A leaked draft of the European Commission’s new cardiovascular health plan sets out broad ambitions for preventing heart disease, including a proposal for an EU-wide tax on sugary drinks such as sodas.
According to the draft, seen by EU Reporter, the Commission argues that cutting the consumption of sodas and highly processed foods is essential to reducing cardiovascular risk across the bloc.
When the idea of EU-coordinated action in this area was first raised by Hungary last year, several Member States, including Germany, Austria and the Netherlands, expressed strong reservations, documents seen by EU Reporter reveal:
“Germany remains sceptical of a EU-Level Action Plan on CVD [cardiovascular disease]. Duplications to existing measures at national levels or EU level (like Europe’s Beating Cancer Plan) must be avoided. Measures should target NCD [non-communicable disease] in general”.
Most Member States already have their own cardiovascular strategies, adapted to local habits, national preferences and resources. Some countries tax sugary drinks, while others focus on labelling schemes, public education campaigns or voluntary reformulation by industry, reflecting national competences in health and taxation.
In fact, the Commission already allocates more than €150 million from the current EU budget to tackling cardiovascular diseases, such as funding for ministerial technical groups, NGO-led projects, etc. The scope is so wide that it is not a surprise that countries have pointed to potential overlaps with Europe’s Beating Cancer Plan, which has a budget of about €4 billion and whose effectiveness has been called into question.
“Christmas came early in the Commission. This is a Christmas-tree plan, stuffed with every possible measure and targeting everything under the sun,” said an industry source.
The plan would introduce a new EU revenue stream earmarked for health through a levy on sodas and highly processed foods. Over recent years, however, the Commission has pursued efforts to simplify the Union’s system of own resources and avoid a proliferation of targeted levies.
According to people familiar with the leaked draft, the plan is part of the Commission’s broader approach to risk factors such as alcohol, tobacco and diet, drawing on the guidance and steering from the World Health Organization, which has been involved in the development of the plan from the onset.
The draft also envisages a new EU-wide digital “food information system” that would classify products according to sugar, salt and fat content. That system could serve as a basis for taxation or other policy tools. Industry representatives say such a scheme could mean additional reporting and compliance requirements for European companies, particularly smaller manufacturers.

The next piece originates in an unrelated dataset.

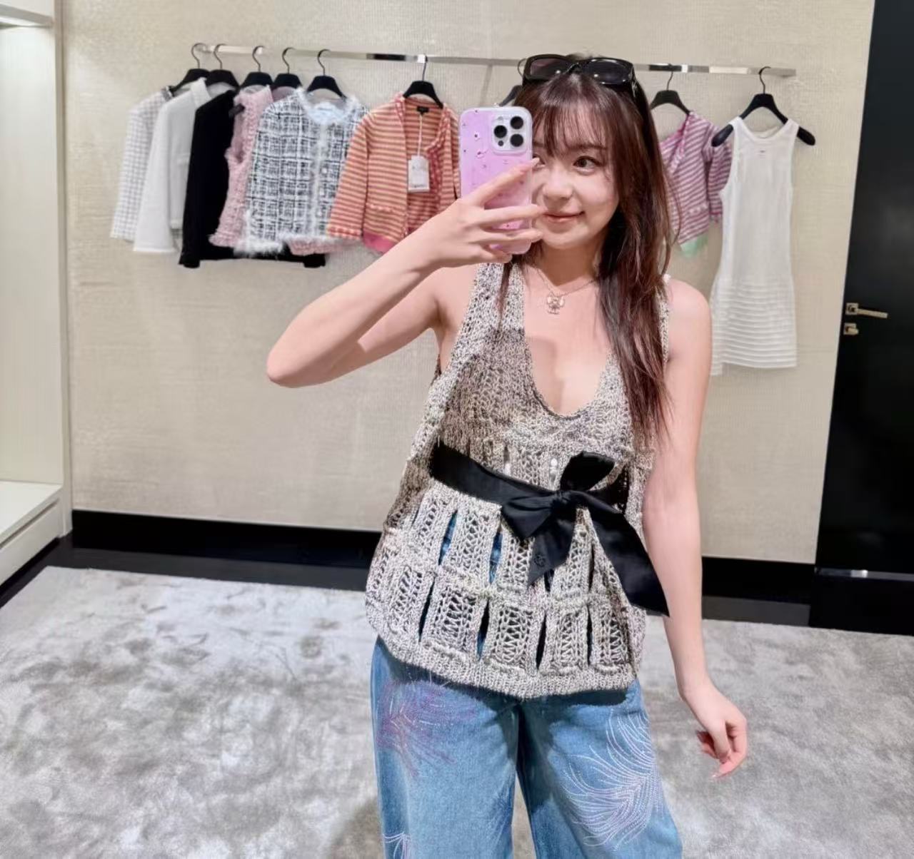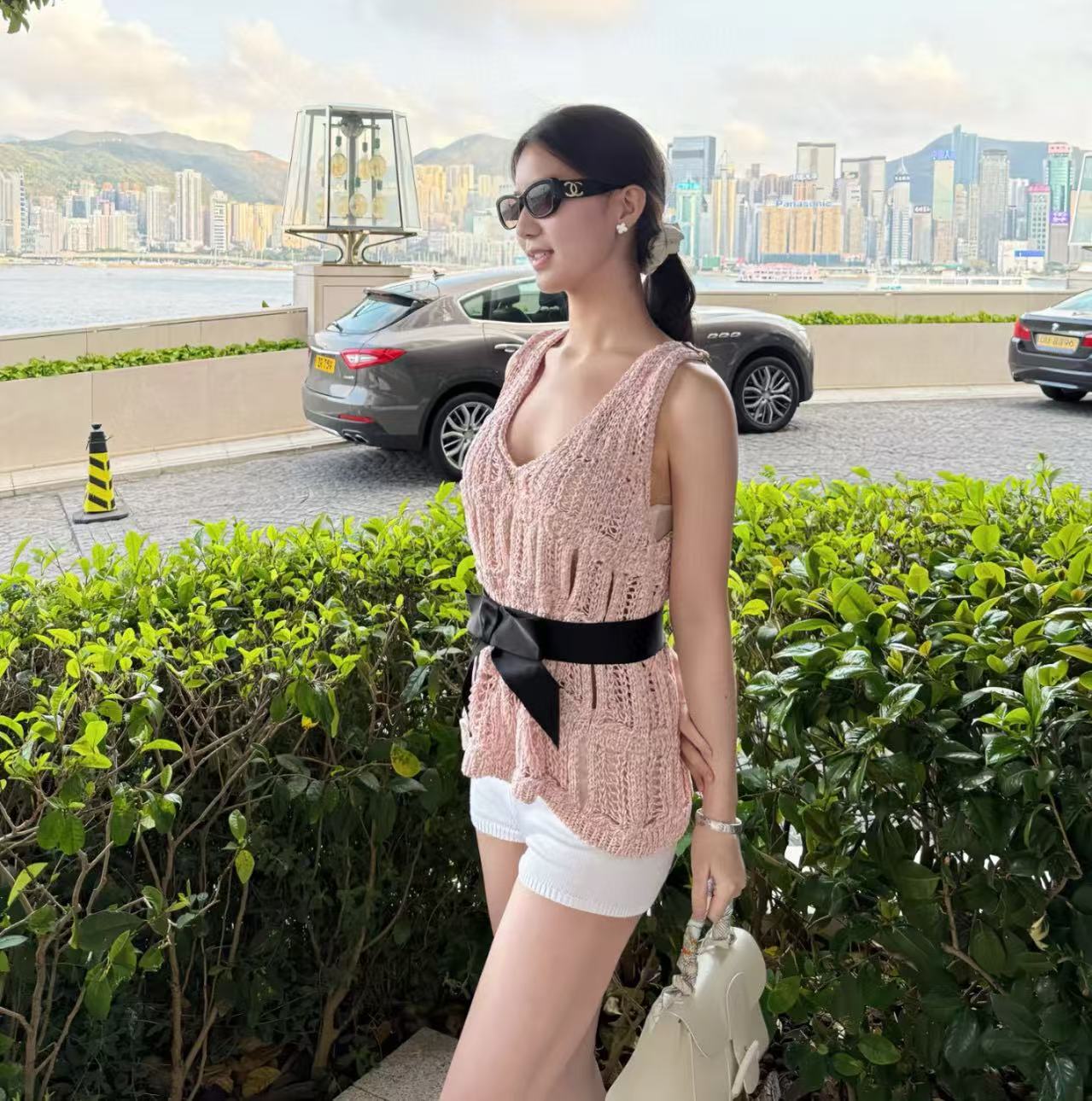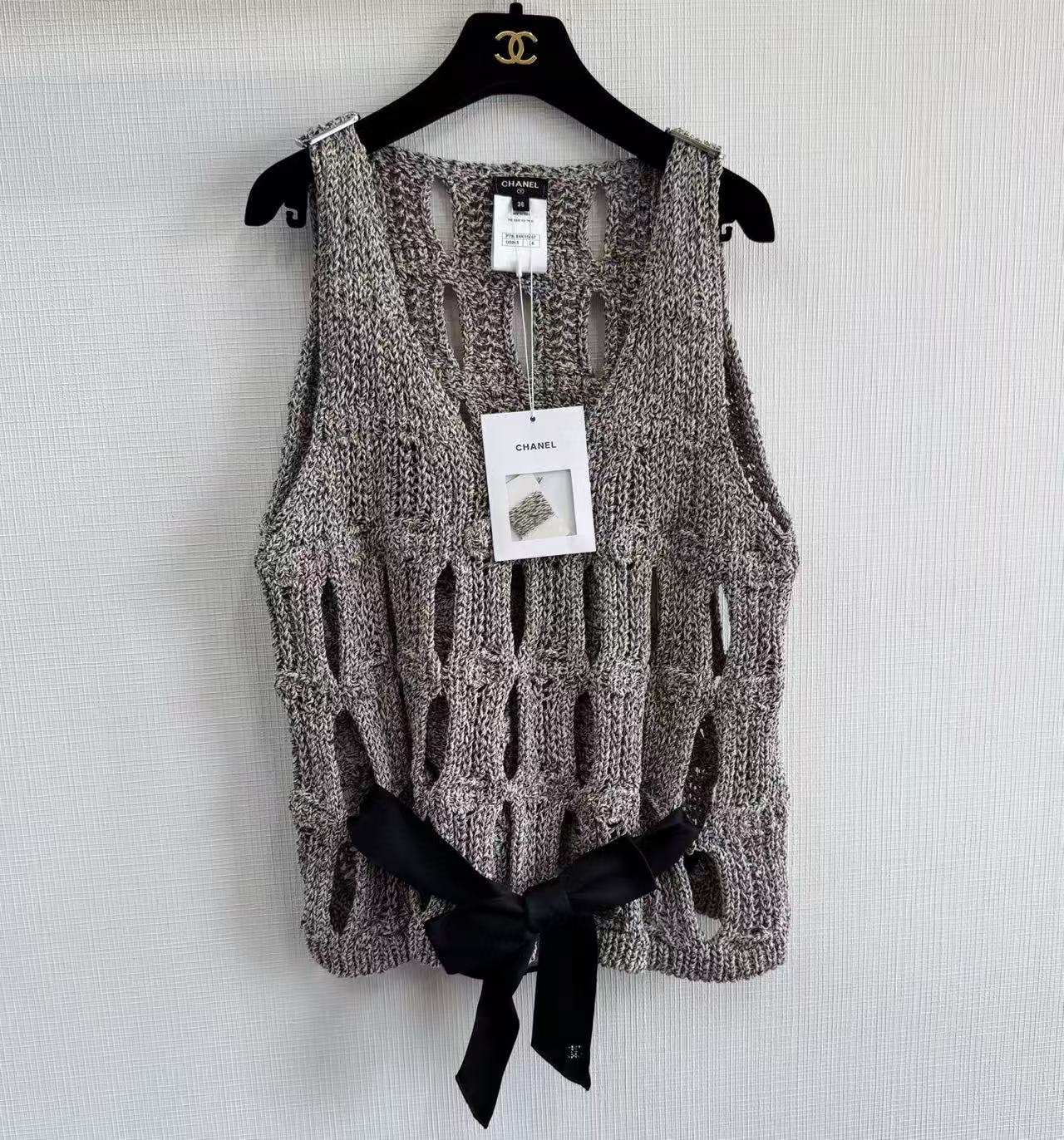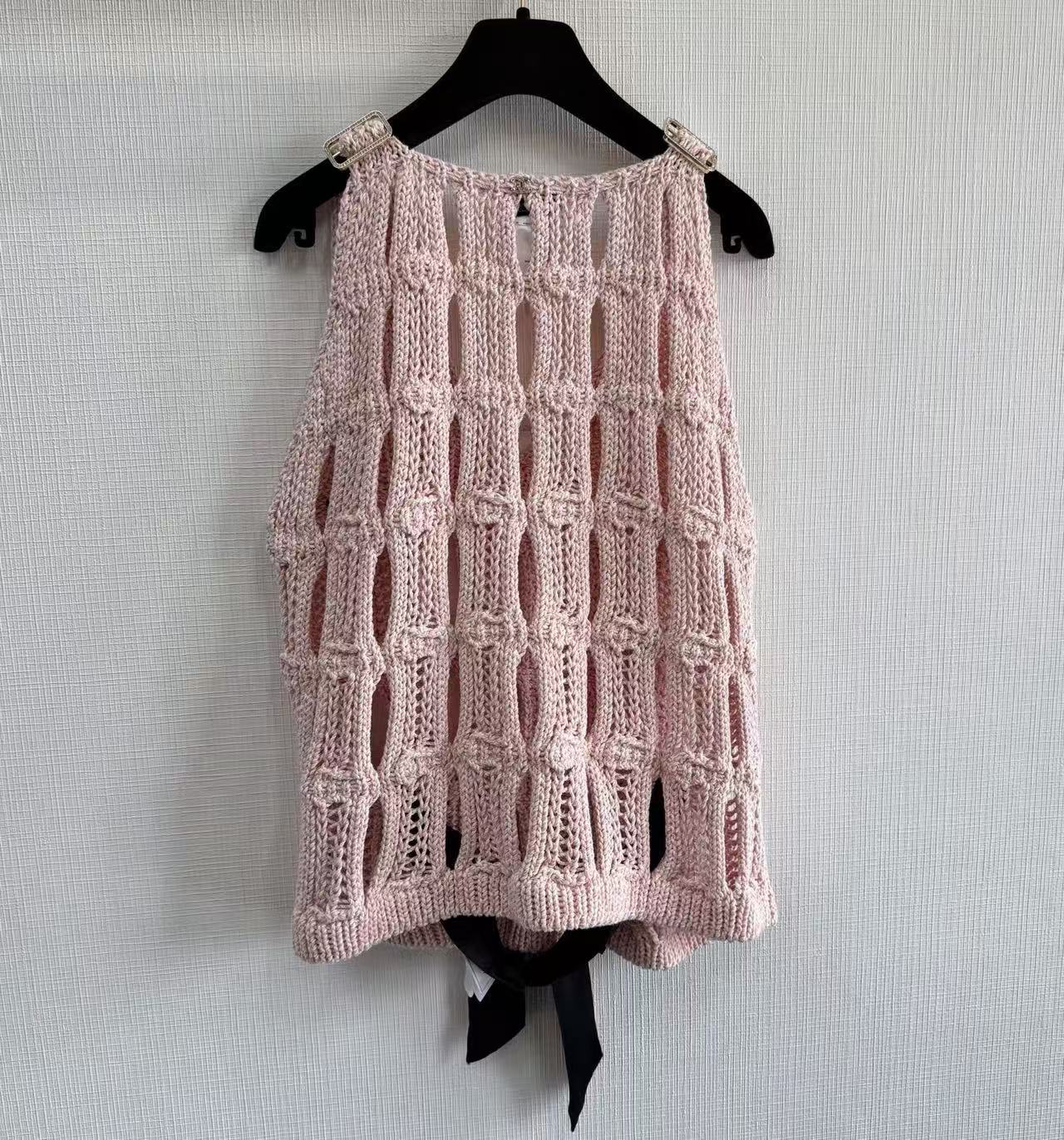 2025夏季新品 C家 25s鏤空編織蝴蝶結背心
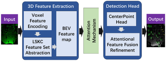 AFRNet performs 3D feature extraction on the point cloud acquired via roadside LiDAR, then uses the CBAM attention module for feature optimization, and finally uses the CenterPoint detection head for target detection and feature fusion refinement. The block diagram of AFRNet is shown in Figure 2.

Public authorities may also face implementation challenges. Several national administrations already report limited staffing and difficulties enforcing existing rules. Capitals are likely to scrutinise whether they have the capacity to apply a new set of requirements in this area, or ignore the plan altogether.
The health plan comes as the EU’s political agenda is increasingly focused on boosting competitiveness and reducing administrative burdens for businesses. It is expected the Commission will adopt the Plan in December of this year.